Are the set of planes $\{\mathsf{\Pi}_1,\cdots,\mathsf{\Pi}_\ell\}$ an invariant of $R$ or not? Not necessarily. For instance, consider multiplication by $i$ on $\mathbb{C}^2$. Any complex one-dimensional subspace of $\mathbb{C}^2$ (there are a $\mathbb{CP}^1$ worth of them) is a real two-dimensional stable subspace. However, it turns out of the angles $\theta_1,\cdots,\theta_\ell$ are all distinct mod $2\pi$ up to sign, then $\{\mathsf{\Pi}_1,\cdots,\mathsf{\Pi}_\ell\}$ is an invariant.
Indeed, notice that $R^{-1}$ acts the same way but with opposite angles.
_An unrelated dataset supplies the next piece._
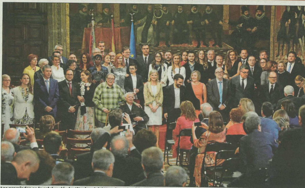
Los premiados en la celebración institucional del Nou d'Octubre junto a los presidentes del Gobierno y de la Generalitat. F. BUSTAMANTE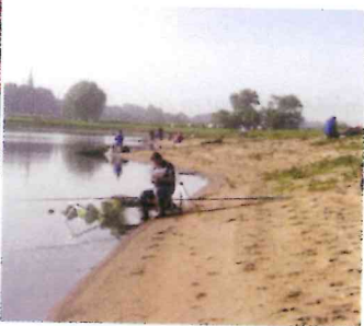
De wetgever legt de verantwoordelijkheid neer bij 'ieder die vist'.

Ben ik bezig met toezicht of met opsporing?

With a simple picture we can see that $R+R^{-1}$ acts as the scalar $2\cos(\theta_i)$ on $\mathsf{\Pi}_i$. Therefore, $\mathsf{\Pi}_i$ is precisely the $2\cos(\theta_i)$-eigenspace of $R+R^{-1}$. This may not be computationally practical, perhaps more useful for finding the $\theta$-associated stable subspace would be finding the span of the $e^{i\theta}$ and $e^{-i\theta}$ eigenspaces of the complexification $V\otimes_{\mathbb{R}}\mathbb{C}$ and intersecting with $V$. (I don't really think about linear algebra from the practical side though, so this may be unhelpful.)
Best Answer
The vector $(1,0)$ along the $x$ axis is rotated into $\frac1{\sqrt2}(1,1)$ in the first quadrant. Thus $A$ rotates counterclockwise, which is by convention associated with positive angles; it represents a rotation by $+\frac\pi4$.
In a wider sense, one might also say that $A$ rotates by an angle $\frac\pi4$ if strictly speaking it rotated by $-\frac\pi4$. The distinction between the two is only valid in $\mathbb R^2$; in $\mathbb R^3$ the rotation by $-\frac\pi4$ around an axis is the rotation by $\frac\pi4$ around the inverse axis. As we tend to think of rotations in three dimensions, this reduction to positive rotation angles is sometimes also applied in talking about $\mathbb R^2$.